In my case the clot was not diagnosed early enough and therefore the treatment option that best suited me was to commence anti-coagulant mediation (Warfarin). The general guidelines for treatment of a deep vein thrombosis (DVT) with anti-coagulants recommend taking the medication for a period of 6 months. This allows time for the body to dissolve the clot and for the vein to return to normal. In this time it is recommended that you avoid any dangerous sports/activities as a side effect of anti-coagulant medication is the risk of increased bleeding. Once 6 months has passed a follow-up ultrasound is preformed to ensure the clot has dissolved.
To ensure that the condition does not return upon return to normal sporting activities, treatments including physiotherapy and strength/conditioning exercises are usually performed. Treatments are aimed at increasing the thoracic outlet space and addressing abnormal movement patterns that may be causing compression of the vein. Most athletes make a full recovery and return to normal sporting activities.
I have been on the anti-coagulant mediation for 2 months and the signs are promising. This is minimal swelling in my arm and I have commenced some light training with no issues. The major part of the rehabilitation process will be addressing my shoulder biomechanics when swimming as this was the activity that I believe triggered the condition initially. Also, I will be examining my bike position to ensure it is was not contributing.
I hope this little overview has given you a bit of information about subclavian vein thrombosis.
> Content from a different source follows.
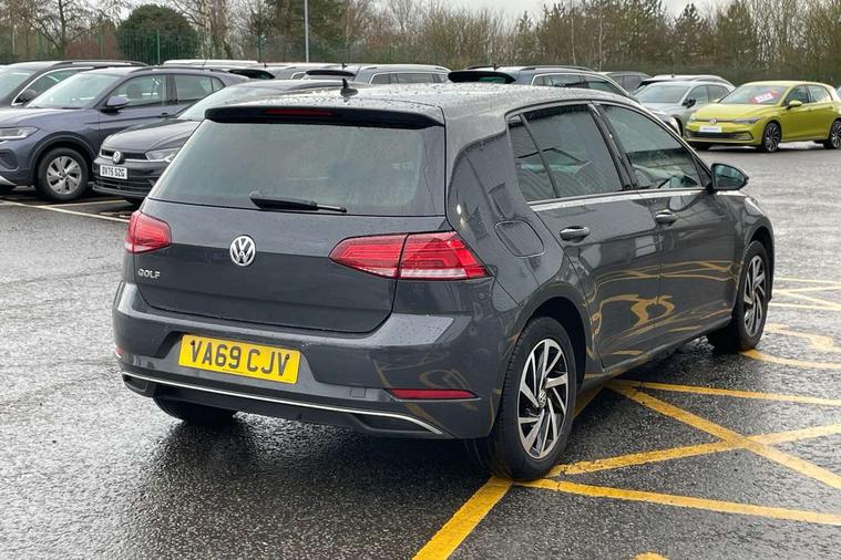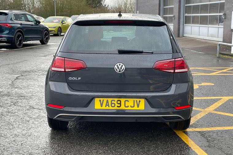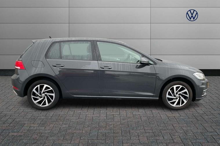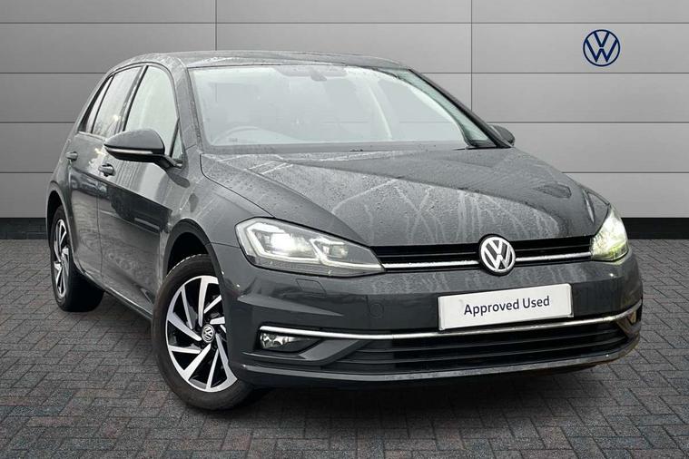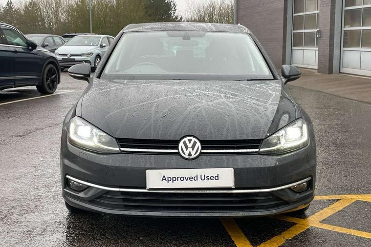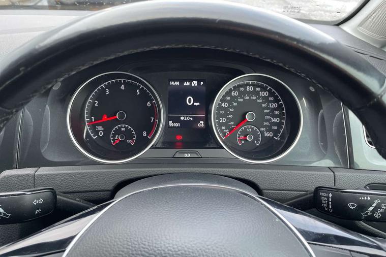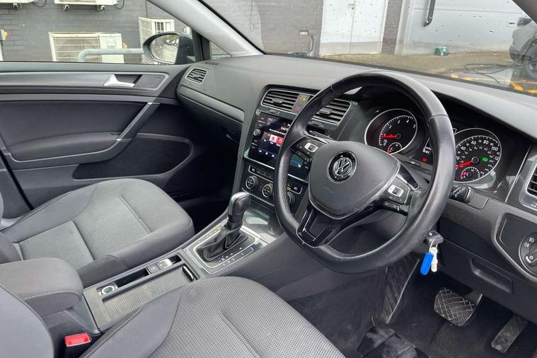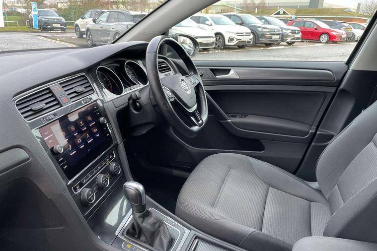 'Lights On' Reminder warning buzzer, ACC - Adaptive cruise control with front assist, forward collision warning, distance monitoring, city emergency brake and speed limiter, Bluetooth telephone and audio connection for compatible devices, Brake pad wear indicator warning light, Driver alert system, Driving Mode Selection with four preset modes - Eco, normal, sport or individual modes, Multifunction computer with visual gear change recommendation for fuel consumption, Power assisted speed sensitive electro-mechanical steering, Push tank flap, Speed limit display, Speedo, rev counter, electronic odometer, trip, service interval display, exterior temperature and fuel gauge, Stop/start system, Think blue trainer driver tips and journey analysis, Warning buzzer and light for front seatbelts unfastened, Battery regeneration during braking, XDS electronic differential lock, Composition media system, DAB Digital radio receiver, Driver Personalisation profile selection, MP3/WMA compatability, Multi device interface (MDI) via USB connection, Premium USB cable in choice of either Apple or Android smartphone compatibility, SMS Functionality, Title and cover art display, USB and SD card connectivity, Volkswagen media control, Black front air intake and radiator grille with chrome insert, Black rear diffuser, Body colour bumpers, Body colour door handles, Body colour door mirrors with integrated indicators, Dusk sensor + automatic driving lights, Electric front windows, Electric rear windows, Electrically adjustable and heated door mirrors, Fully galvanised body, Heated rear windscreen, High level 3rd brake light incorporating LED Technology, LED front fog lights with static cornering light function, Range adjustable headlights via infotainment system with LED daytime running lights, Rear fog lamp, Rear number plate lights incorporating LED technology, Rear tinted glass 65% light absorbing from B pillar backwards, Rear window aerial, Rear window wash/wipe with intermittent wipe, Reflectors in all doors, Tailgate with integrated rear roof spoiler, Windscreen wipers/ intermittent wipe + 4 position delay, 12V socket in luggage compartment, 3 rear headrests, 4 load lashing points in luggage compartment, 60/40 split folding rear seat backrest, Bag hook in luggage compartment x 2, Climate control - 2 zone electronic air conditioning with automatic air recirculation and allergy filter, Cooled glovebox, Cover for storage compartment in centre, Dust/pollen filter, Front and rear reading lights X 2, Front centre armrest with storage compartment and two rear air vents, Front seat back storage pockets, Grab handles front x 2, rear x 2 with integrated coat hooks, Height and reach adjustable steering wheel, Illuminated vanity mirrors, Instrument lighting white adjustable panel illumination, Interior light delay, Isofix preparation for 2 rear child seats, Load through provision with rear centre armrest and cupholders x2, Luggage compartment lighting, Overhead storage box, Pearl grey headlining, Storage box in luggage compartment, Storage compartment in roof console with cover, Storage compartments in centre console, Storage compartments in front doors, Storage compartments in rear doors, Stowable luggage compartment cover, Sun visors, Variable boot floor, height adjustable and removable, Convenience Pack - Golf, Mirror pack - Golf, Winter pack - Golf, 3 rear three point seatbelts, Airbags - Driver's and front passenger's, curtain airbag, Driver's knee, front side impact and passenger's airbag deactivation switch, Anti-lock Braking System (ABS) with Hydraulic Brake Assist (HBA), Automatic post collision braking system, Child locks on rear doors, Driver/Passenger optimised head restraints, Electronic parking brake with auto hold, Electronic stability control (ESC) including Electronic differential lock (EDL) and ASR (Traction control) with deactivation via infotainment system, Front ventilated disc brakes and rear disc brakes, Pre crash preventive occupant protection, Three point height adjustable front seatbelts with tensioners, Tyre pressure loss indicator, Alarm with interior protection and deactivation via infotainment system, Electronic engine immobiliser, Brushed dark silver decorative inserts in dash and door panels, Chrome plated air vent surround, Chrome-plated light switch surround, Polar night black decorative inserts in centre console, Steel space saver spare wheel,

It is worth nothing that most people think that clots or DVTs only occur in the elderly population. I, for one, certainly did not expect this type of injury to happen to me and consider myself lucky that I had it diagnosed and addresses quite quickly. I will post another quick blog about why athletes are at a higher risk of clots developing then the average person and what they should be on the lookout for to ensure they minimise their risks.